• _Problem description_: Hand back the entries exactly as written, minus every picture.

• _Records for this exercise_:
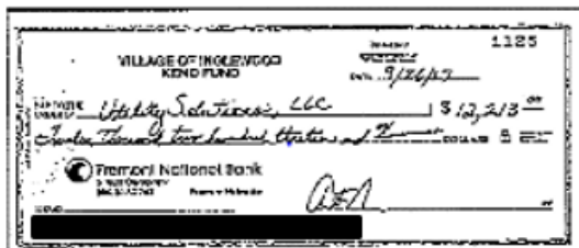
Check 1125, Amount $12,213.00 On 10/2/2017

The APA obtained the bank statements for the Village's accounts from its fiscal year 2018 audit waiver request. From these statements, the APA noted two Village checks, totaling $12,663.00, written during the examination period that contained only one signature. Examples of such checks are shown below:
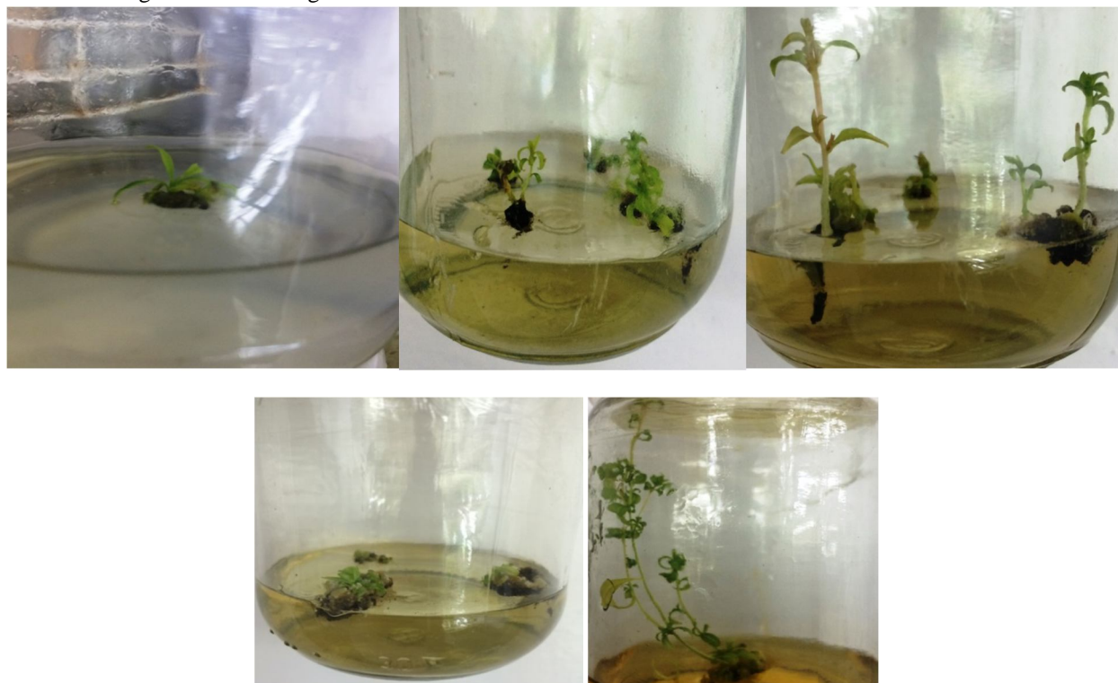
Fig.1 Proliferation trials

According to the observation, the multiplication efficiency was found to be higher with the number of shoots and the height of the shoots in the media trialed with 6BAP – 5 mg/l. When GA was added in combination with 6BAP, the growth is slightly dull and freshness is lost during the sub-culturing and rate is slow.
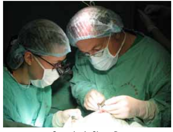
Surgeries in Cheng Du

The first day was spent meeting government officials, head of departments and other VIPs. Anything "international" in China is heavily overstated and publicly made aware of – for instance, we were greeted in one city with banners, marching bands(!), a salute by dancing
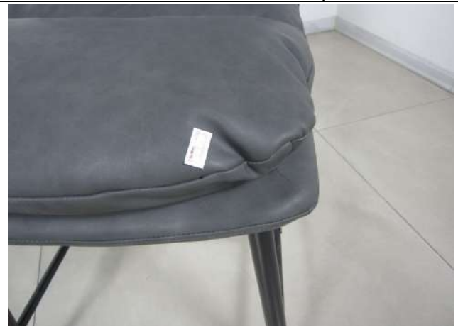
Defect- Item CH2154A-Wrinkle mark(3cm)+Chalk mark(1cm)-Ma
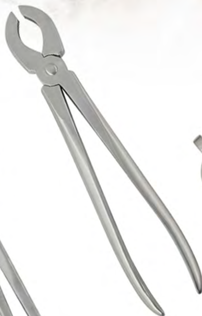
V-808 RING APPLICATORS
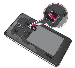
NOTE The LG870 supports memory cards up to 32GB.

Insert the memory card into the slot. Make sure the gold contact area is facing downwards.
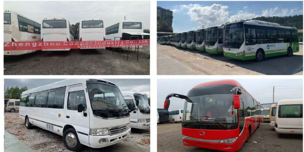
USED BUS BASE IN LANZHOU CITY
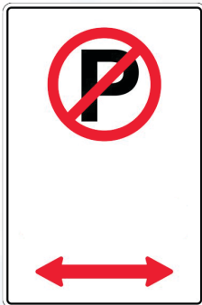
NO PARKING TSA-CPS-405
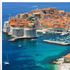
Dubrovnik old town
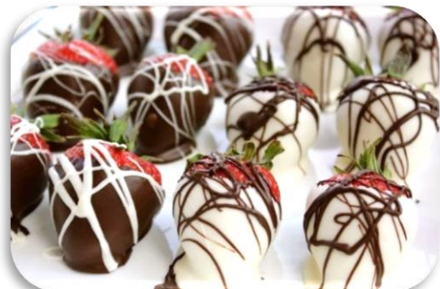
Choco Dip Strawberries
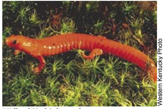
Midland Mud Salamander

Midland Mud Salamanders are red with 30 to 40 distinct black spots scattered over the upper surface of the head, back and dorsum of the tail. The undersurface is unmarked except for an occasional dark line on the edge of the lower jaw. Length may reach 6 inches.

• _Task response_:
Check 1125, Amount $12,213.00 On 10/2/2017

The APA obtained the bank statements for the Village's accounts from its fiscal year 2018 audit waiver request. From these statements, the APA noted two Village checks, totaling $12,663.00, written during the examination period that contained only one signature. Examples of such checks are shown below:
Fig.1 Proliferation trials

According to the observation, the multiplication efficiency was found to be higher with the number of shoots and the height of the shoots in the media trialed with 6BAP – 5 mg/l. When GA was added in combination with 6BAP, the growth is slightly dull and freshness is lost during the sub-culturing and rate is slow.
Surgeries in Cheng Du

The first day was spent meeting government officials, head of departments and other VIPs. Anything "international" in China is heavily overstated and publicly made aware of – for instance, we were greeted in one city with banners, marching bands(!), a salute by dancing
Defect- Item CH2154A-Wrinkle mark(3cm)+Chalk mark(1cm)-Ma
V-808 RING APPLICATORS
NOTE The LG870 supports memory cards up to 32GB.

Insert the memory card into the slot. Make sure the gold contact area is facing downwards.
USED BUS BASE IN LANZHOU CITY
NO PARKING TSA-CPS-405
Dubrovnik old town
Choco Dip Strawberries
Midland Mud Salamander

Midland Mud Salamanders are red with 30 to 40 distinct black spots scattered over the upper surface of the head, back and dorsum of the tail. The undersurface is unmarked except for an occasional dark line on the edge of the lower jaw. Length may reach 6 inches.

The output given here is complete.